Bring forth men-children only! For thy undaunted mettle should compose Nothing but males. Macbeth, Act I., Sc. VII.

For men’s sake, the authors of these women; Or women’s sake, by whom we men are men. Love’s Labour’s Lost, Act IV., Sc. III.

Be advis’d, fair maid: To you your father should be as a god; One that compos’d your beauties; yea, and one To whom you are but as a form in wax, By him imprinted, and within his power To leave the figure, or disfigure it. Midsummer Night’s Dream, Act I., Sc. I.

The child would therefore resemble the parent of opposite sex.

Nurse to Henry VIII: ’Tis a girl * * * as like you As cherry is to cherry. Act V., Sc. I.

Paulina pleading to Leontes on the birth of a daughter to his wife Hermione:

Behold, my lords, Although the print be little, the whole matter And copy of the father,—eye, nose, lip; The trick of ’s frown; his forehead; nay, the valley, The pretty dimples of his chin and cheek; his smiles; The very mould and frame of hand, nail, finger. Winter’s Tale, Act II., Sc. III.

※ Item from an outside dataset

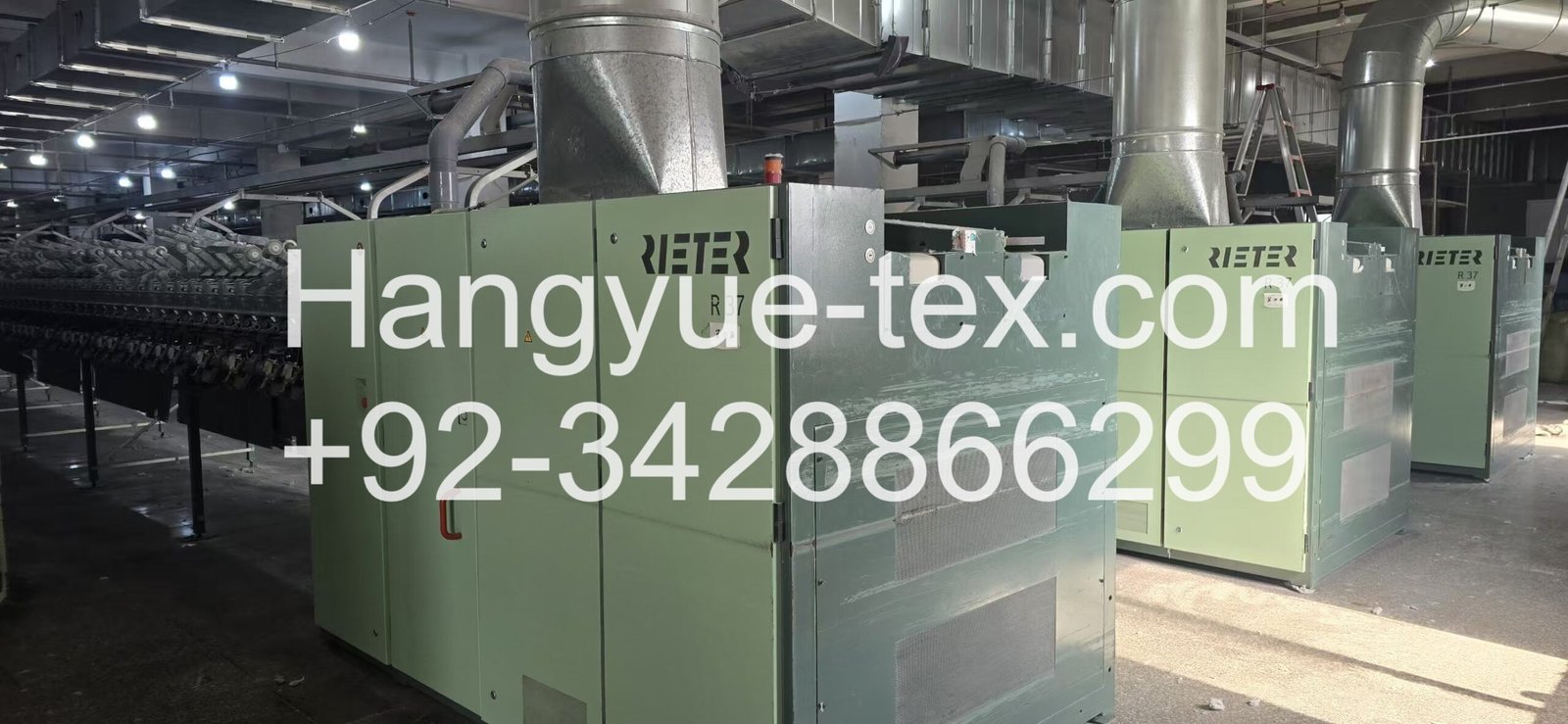 The machines are equipped with Rieter yarn clearers for yarn monitoring and quality control and utilize an inverter-driven system for controlled machine operation. The configuration supports stable spinning performance and integration into modern open-end spinning lines.

It is a very old opinion that the mental state of parents during coition influenced to a certain extent the mental activity of the offspring. Bastards were supposed to excel in this respect on account of the mental excitement during the intercourse from which they took their origin. Burton held this view in his “Anatomy of Melancholy,” and, after reading King Lear, we know that Shakespeare also held it.

Edmund.Why brand they us With base? with baseness? bastardy? base? base? Who in the lusty stealth of nature take More composition and fierce quality Than doth, within a dull, stale, tired bed Go to the creating a whole tribe of fobs, Got ’tween sleep and wake. Act. I., Sc. II.

His allusions to pregnancy are many.